Could you set down the listing below exactly, leaving out its pictures?

> DATA BLOCK:
<<<<

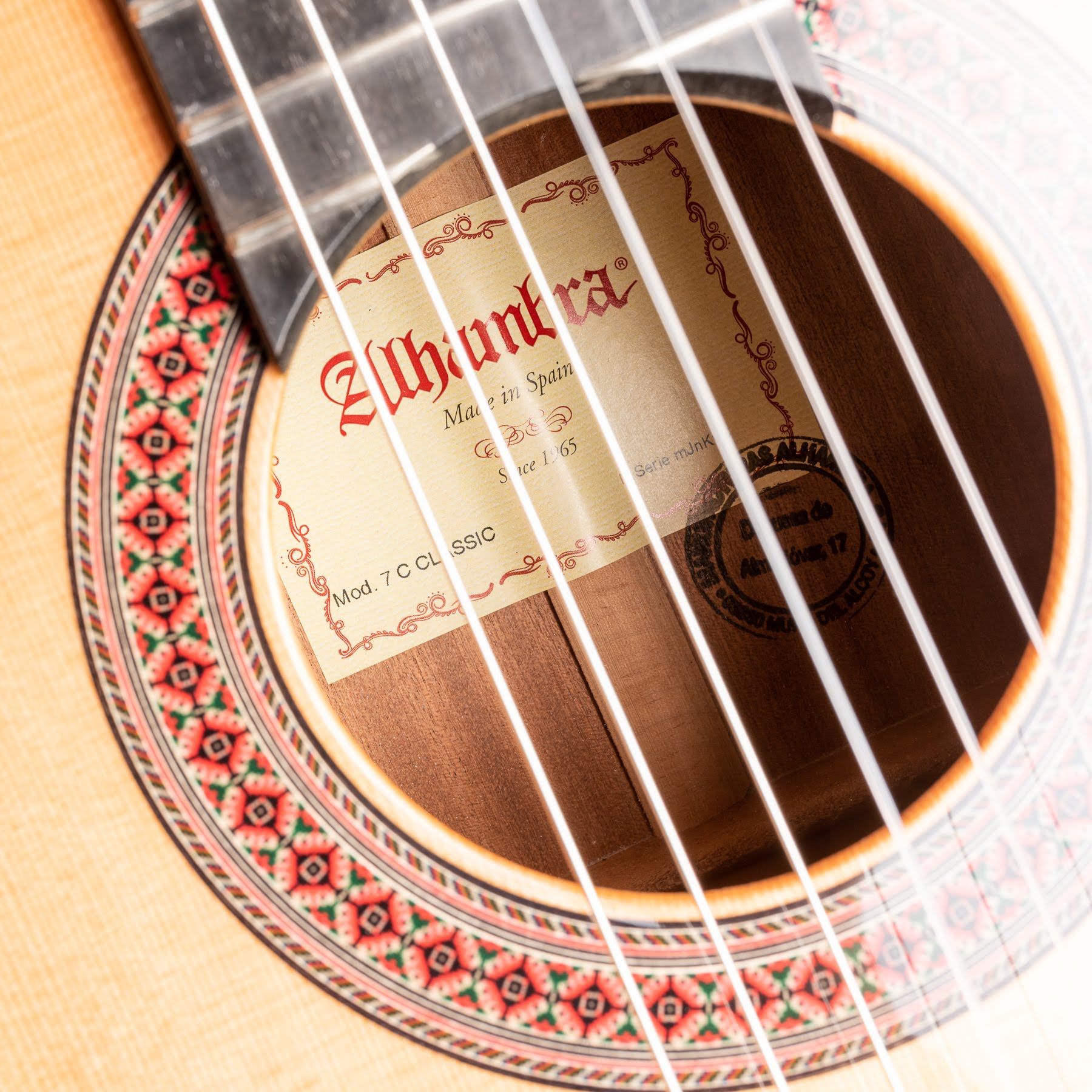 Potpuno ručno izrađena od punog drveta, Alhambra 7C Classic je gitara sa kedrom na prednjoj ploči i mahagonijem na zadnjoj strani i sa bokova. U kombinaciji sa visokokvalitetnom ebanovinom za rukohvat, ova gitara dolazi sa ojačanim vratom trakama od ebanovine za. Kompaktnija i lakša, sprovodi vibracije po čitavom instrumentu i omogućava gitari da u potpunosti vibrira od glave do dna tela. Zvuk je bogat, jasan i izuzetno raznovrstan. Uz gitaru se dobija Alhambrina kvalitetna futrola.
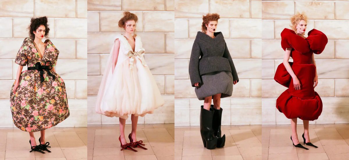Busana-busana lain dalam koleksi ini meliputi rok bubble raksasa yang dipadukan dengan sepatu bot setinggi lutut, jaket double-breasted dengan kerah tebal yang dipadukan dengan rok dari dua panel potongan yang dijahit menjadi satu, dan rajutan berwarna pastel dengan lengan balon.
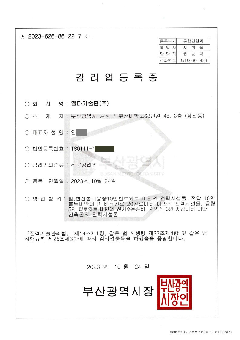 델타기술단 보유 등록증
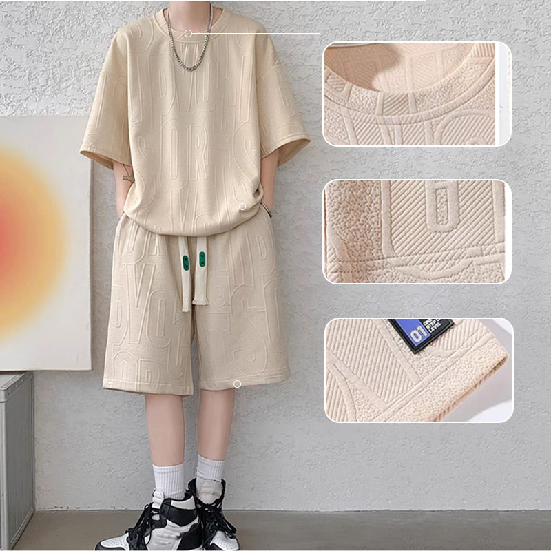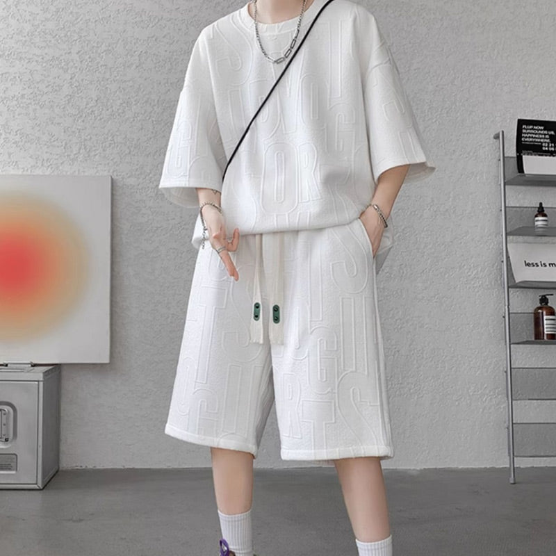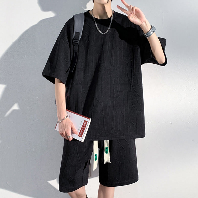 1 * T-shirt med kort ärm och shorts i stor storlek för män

>>>>

> SOLUTION TO THE PROBLEM:
 Potpuno ručno izrađena od punog drveta, Alhambra 7C Classic je gitara sa kedrom na prednjoj ploči i mahagonijem na zadnjoj strani i sa bokova. U kombinaciji sa visokokvalitetnom ebanovinom za rukohvat, ova gitara dolazi sa ojačanim vratom trakama od ebanovine za. Kompaktnija i lakša, sprovodi vibracije po čitavom instrumentu i omogućava gitari da u potpunosti vibrira od glave do dna tela. Zvuk je bogat, jasan i izuzetno raznovrstan. Uz gitaru se dobija Alhambrina kvalitetna futrola.
Busana-busana lain dalam koleksi ini meliputi rok bubble raksasa yang dipadukan dengan sepatu bot setinggi lutut, jaket double-breasted dengan kerah tebal yang dipadukan dengan rok dari dua panel potongan yang dijahit menjadi satu, dan rajutan berwarna pastel dengan lengan balon.
 델타기술단 보유 등록증
 1 * T-shirt med kort ärm och shorts i stor storlek för män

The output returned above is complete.